OK, so I've been trying to figure out how to cope with this. One of the biggest problems with SMF's environment is that it makes your files writable by everything, essentially. You have to make your site vulnerable on shared hosting in order to upload and install mods - even pure hooks ones.

In our case, there's no file edits at all. But there's still the upload problem: you have to write something to the relevant folder. Which means that folder has to be writable by the webserver.

So, I tried a different tact, what if through some process, we no longer required write access to that folder, but that we could delegate it off to something which did? Or, as I call it, you upload the plugin file, it goes into the system temp folder (where all uploaded files go), where it's unpacked.

Here's the trick: instead of uploading it into a physical folder or something like SMF does, we unpack it serially (going through the archive file by file), push the file to temp, then we send it via FTP from our script to the server.
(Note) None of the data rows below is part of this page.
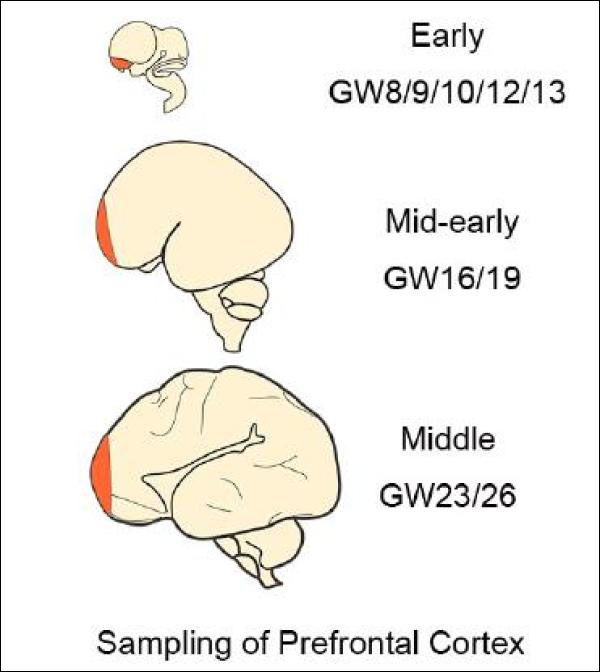 第一个阶段,也就是8-12孕周,为神经干细胞大量增殖阶段。第二阶段, 13-16孕周,神经干细胞分化并大量产生新生神经元同时伴随着新生神经元的迁移阶段。第三阶段,19-26周,神经元开始逐渐成熟,表达关键功能蛋白并初步形成有功能的神经网络的阶段。
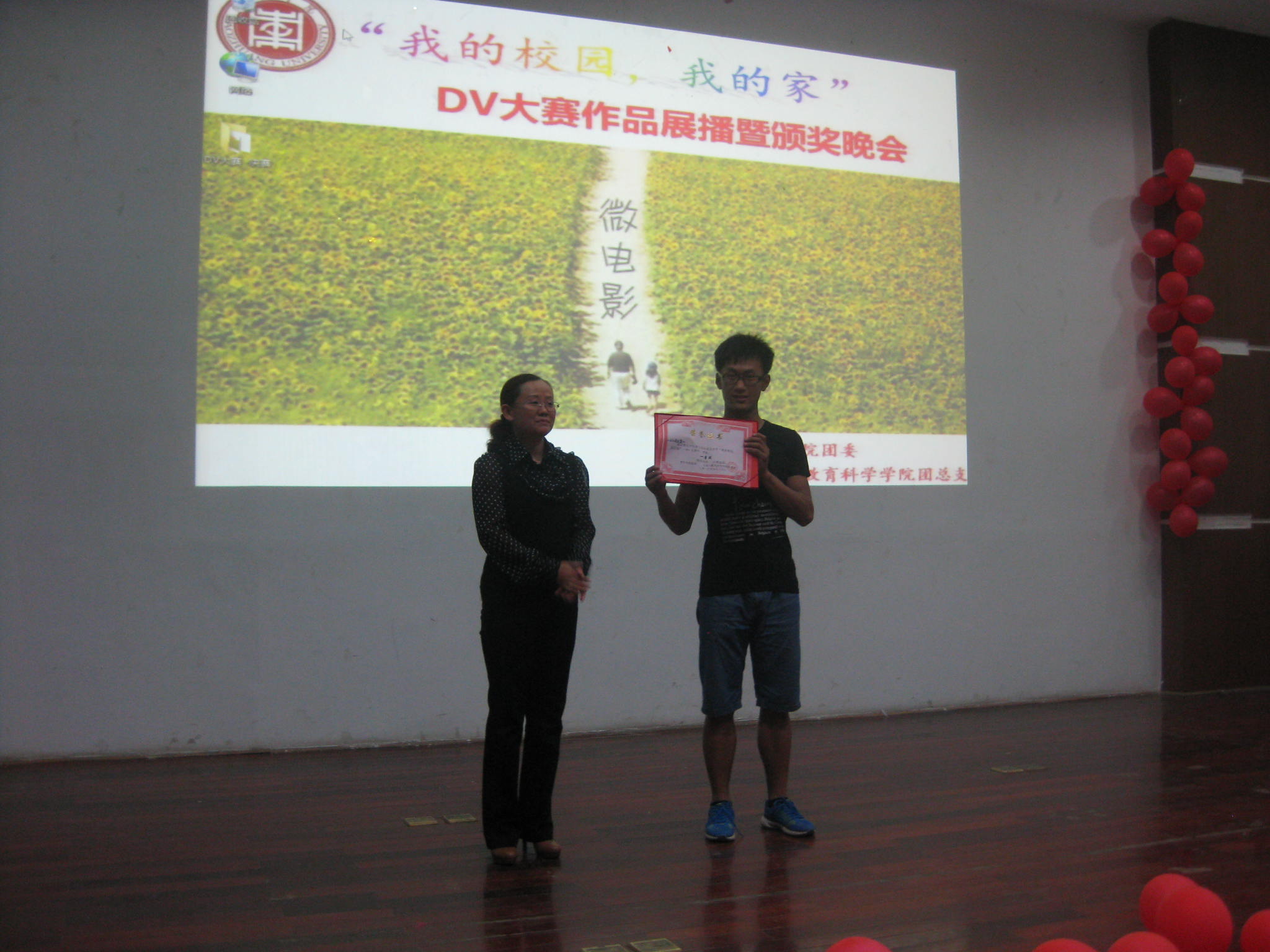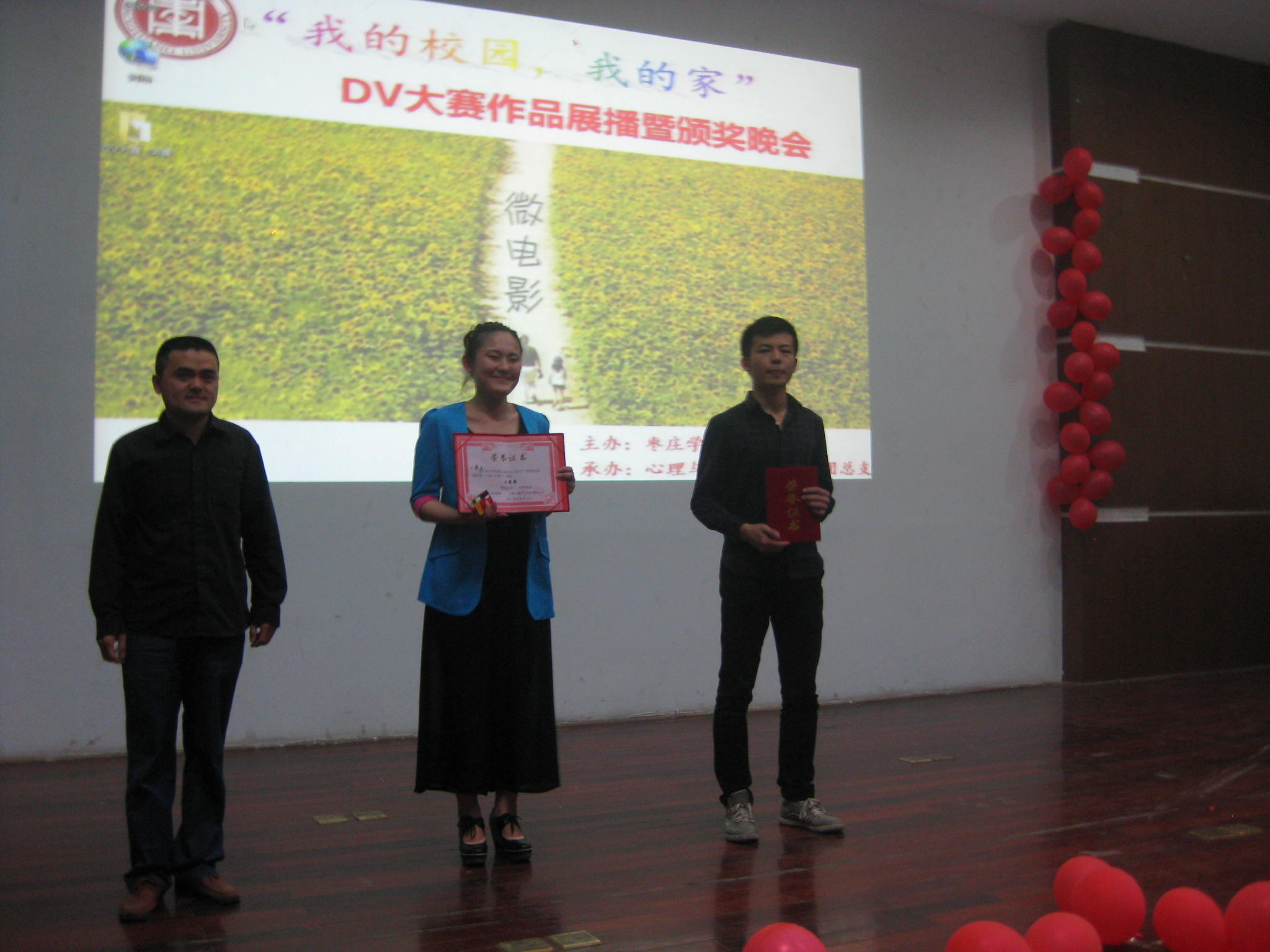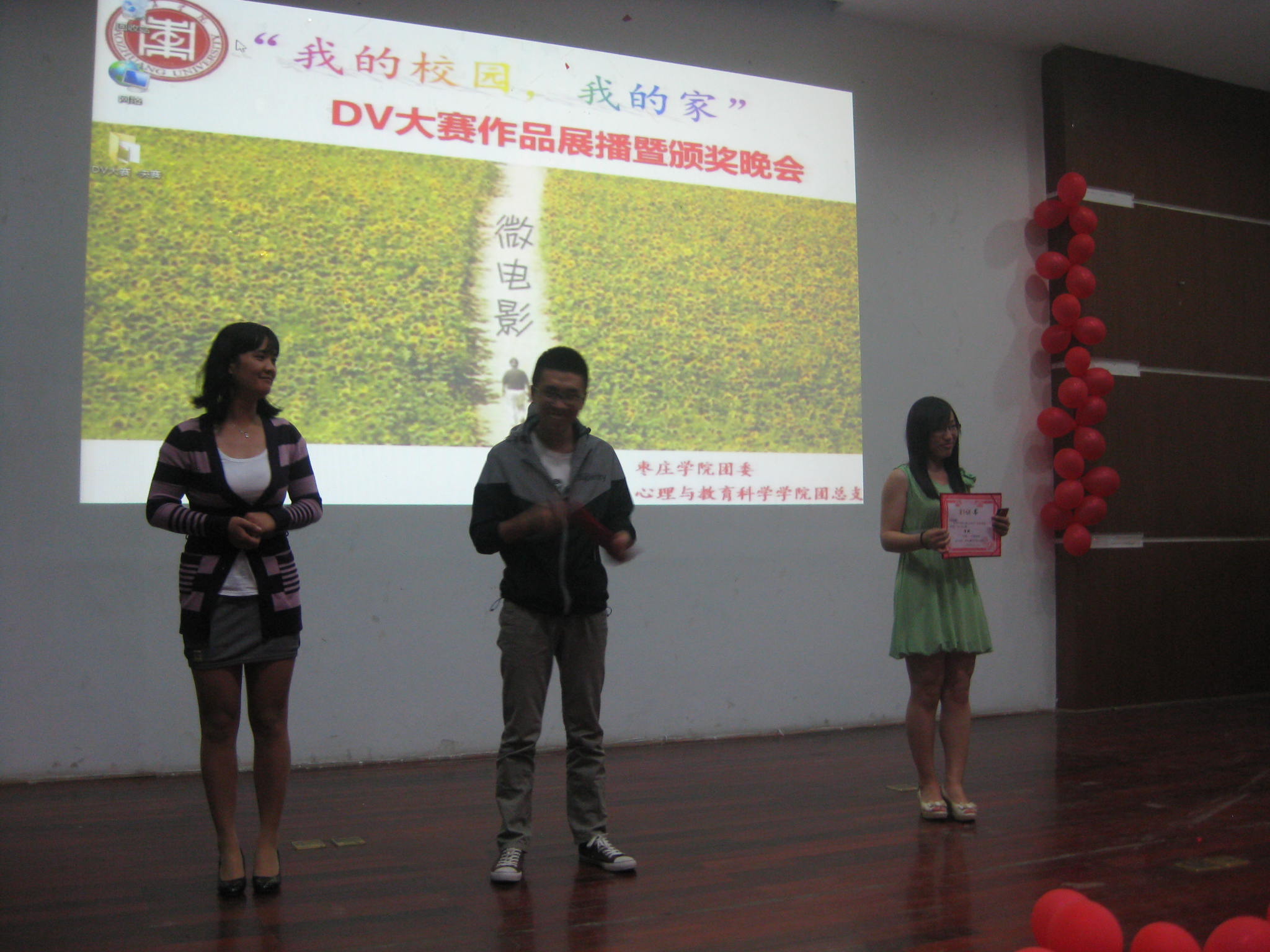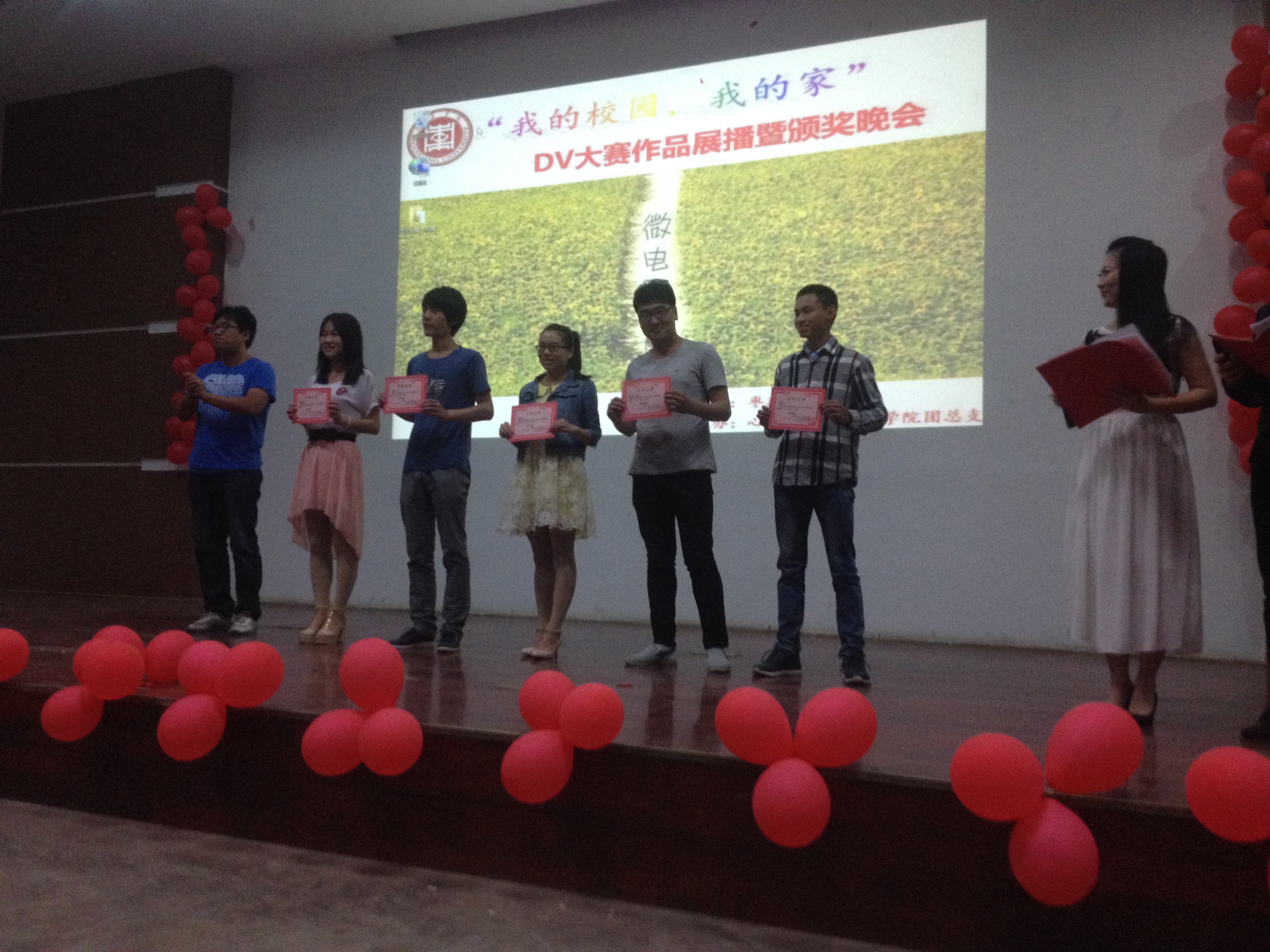 “用心灵捕捉、用影像赞美,秀出学校的与众不同,说出心中的无限感恩、美好展望”,由校团委主办,tyc5997太阳集团承办的 “我的校园——我的家” DV大赛获奖作品展播暨颁奖晚会于5月15日晚在文科楼报告厅举行。tyc5997太阳集团、旅游与资源管理学院、文学院、生命与科学学院、体育学院等多个学院的师生400余人参加了晚会。
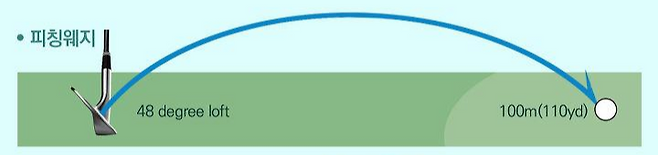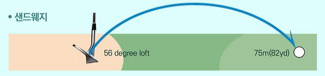 피칭과 샌드의 중간으로 4도정도의 각도 차이가 나지만, 비거리와 더불어 정교한 샷이 필요할 때 사용합니다. 피칭과 샌드웨지 두가지를 비교해서 선택하면 좋습니다.
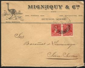 911 ARGENTINA - HISTORIA POSTAL Sobre / N°Cat.: MB. Sobre con lindo membrete al frente: "Mignaquy y Cía", franqueado con pareja del 5c. de la serie "3 Próceres", enviado el 4/AGO/1896 de Buenos Aires a San Juan, excelente calidad! Precio inicial: US$ 15 Precio actual: US$ 15 Oferte US$ 15 o más
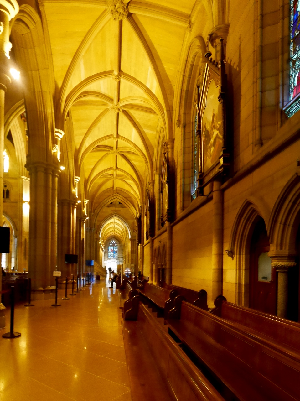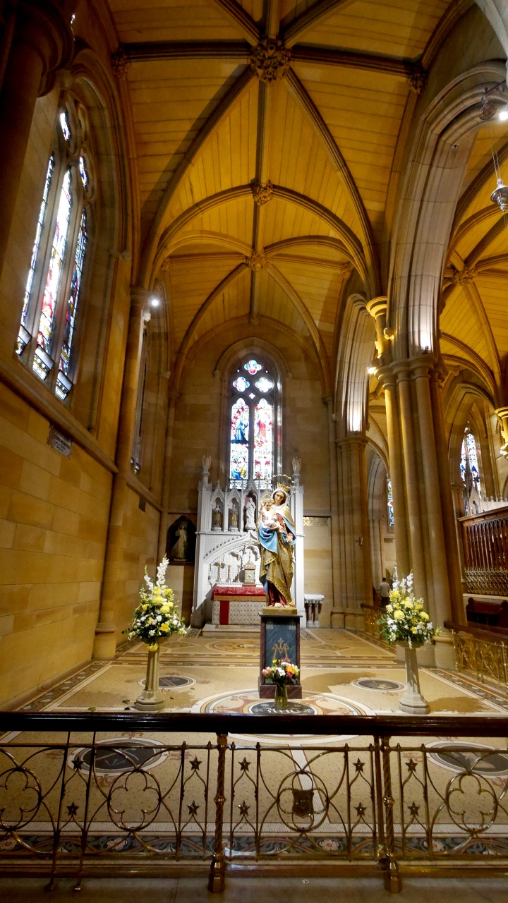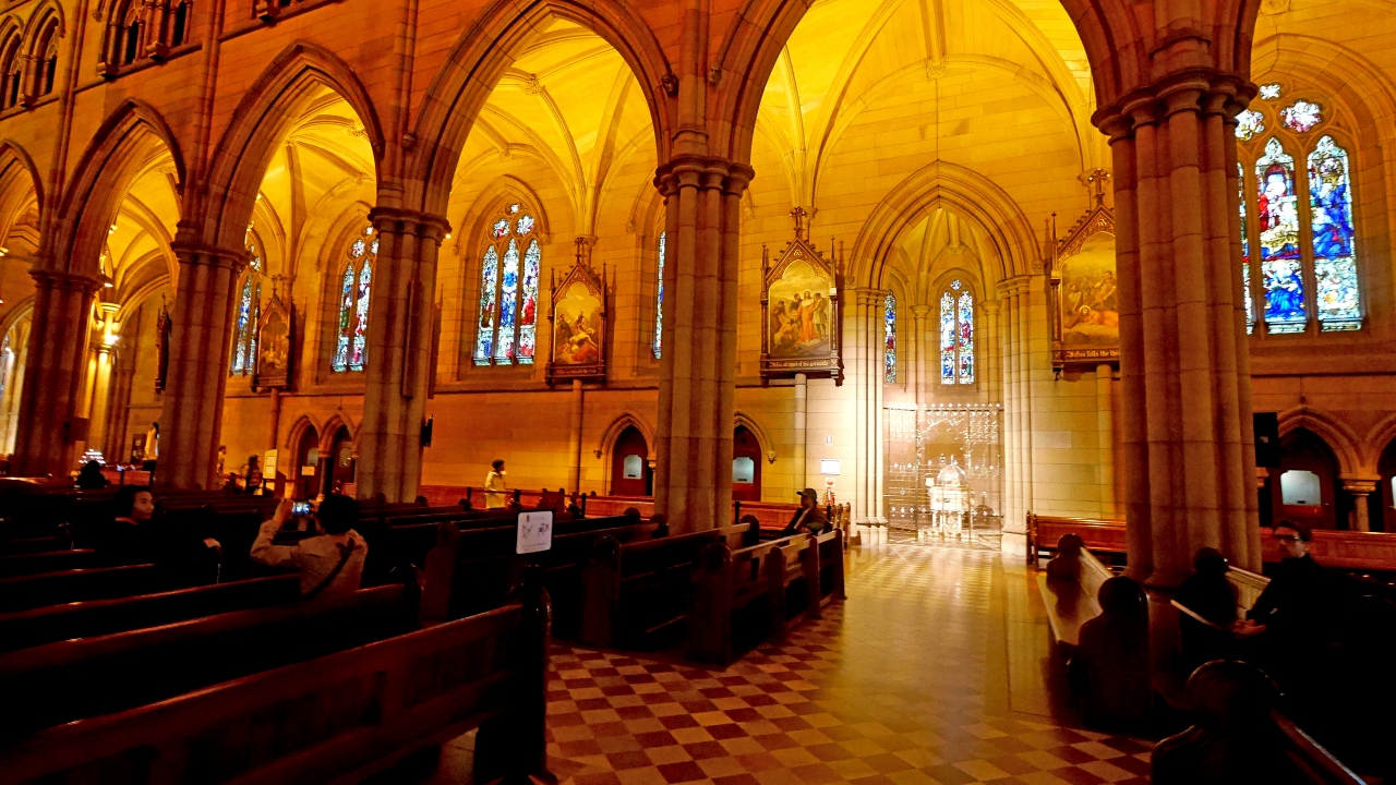カトリックの教会 1865年以前の教会が焼失 1928年再建 尖塔の高さ74.6m 南半球最大のゴシック建築とか.中は広大でカトリックらしい雰囲気.中国人の観光客が多く,フラッシュをたいたりマナーが悪いのが気になった.オーストラリアでのキリスト教の発展を考えるのにいい教会.英国教会に似て,ステンドグラスがすごい
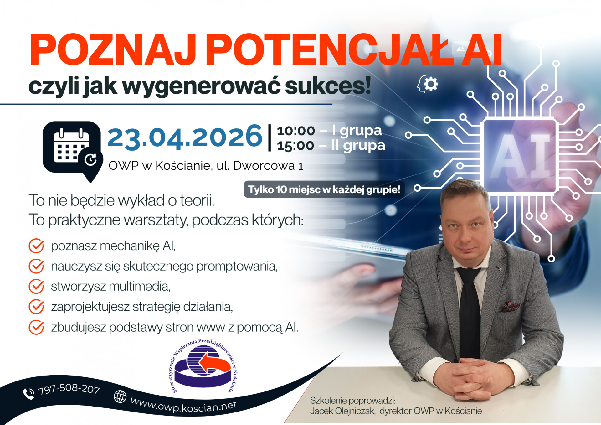| Miejscowość: Kościan Miejsce: Ośrodek Wspierania Przedsiębiorczości w Kościanie, ul. Dworcowa 1 Data rozpoczęcia: 23.04.2026 10:00:00 Data zakończenia: 23.04.2026 12:30:00 Organizator: Stowarzyszenie Wspierania Przedsiębiorczości w Kościanie Opis wydarzenia: Stowarzyszenie Wspierania Przedsiębiorczości w Kościanie zaprasza na warsztaty zarówno osoby początkujące, które dopiero zaczynają pracę z AI, jak i tych, którzy chcą uporządkować wiedzę i nauczyć się wykorzystywać jej potencjał w bardziej świadomy i efektywny sposób. Podczas warsztatów: • zrozumiesz mechanikę działania AI – czym są tokeny, okno kontekstowe i halucynacje, • nauczysz się projektować strategie – od analizy danych po gotowy plan działania, • stworzysz multimedia – grafiki i wideo w kilka minut, • poznasz podstawy tworzenia stron internetowych z pomocą AI, • opanujesz sztukę promptowania – skutecznego formułowania poleceń, • odkryjesz narzędzia zwiększające efektywność pracy. Spotkanie ma charakter warsztatowy, prosimy o zabranie własnego laptopa. Wymagany jest dostęp do modelu Gemini od Google. Ważne! Do wyboru dwie grupy: Grupa I, godz. 10:00–12:30 lub Grupa II, godz. 15:00–17:30. Osoby zainteresowane udziałem prosimy o wypełnienie formularza zgłoszeniowego do 21.04.2026 r. Liczba miejsc ograniczona, decyduje kolejność zgłoszeń!!! Więcej informacji na stronie www.owp.koscian.net oraz pod nr tel. 797 508 207. Zapraszamy! |
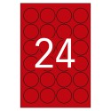 Las etiquetas rojo flúor circulares tamaño Ø 45,0 mm con adhesivo permanente son un producto ideal para destacar objetos, resaltar información relevante o marcar envíos. Este pack incluye 20 hojas con un total de 480 etiquetas. Las características de estas etiquetas adhesivas son las siguientes:
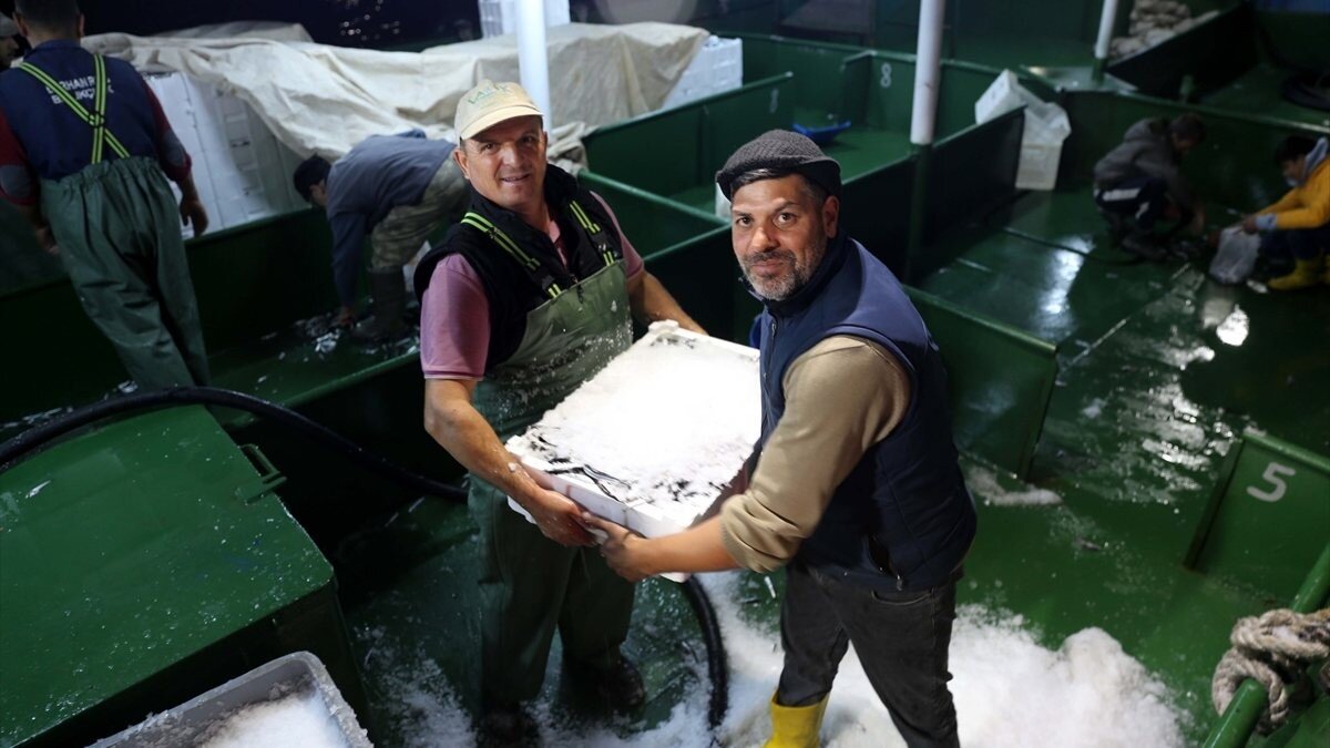 Balıkçı teknelerinde yoğun mesai yaşayan tayfalar, balık dolu kasaları limanda bekleyen kamyon ve tırlara yükledi.

It's seemingly stupid but I see no reason why it won't work, other than the mechanics are a PITA.

Doing that means you don't have to make the folder writable or indeed do anything to it, essentially it's being uploaded to by you (and thus OWNED by you) just as if you uploaded it yourself. No changing permissions, no changing them back.


The caveat is that I would remove direct local filesystem support. This would make for a slight inconvenience on test forums/localhost where FTP isn't configured, because it would mean there would be no facility for uploading as SMF currently does. But the price paid in convenience is security: if you don't ever have direct filesystem support, there's no need to screw around with making things 777 (and hopefully that plague of bad advice will not follow us here), and it's not like you can't just unpack it and upload it yourself.

I have the uncomfortable feeling it would pretty much demand .zip support because the contents of /tmp are intentionally unstable and I'm not sure how comfortable I am with unpacking a .tar.gz in /tmp and expecting it all to be there after (as opposed to .zip which can be handled a file at a time)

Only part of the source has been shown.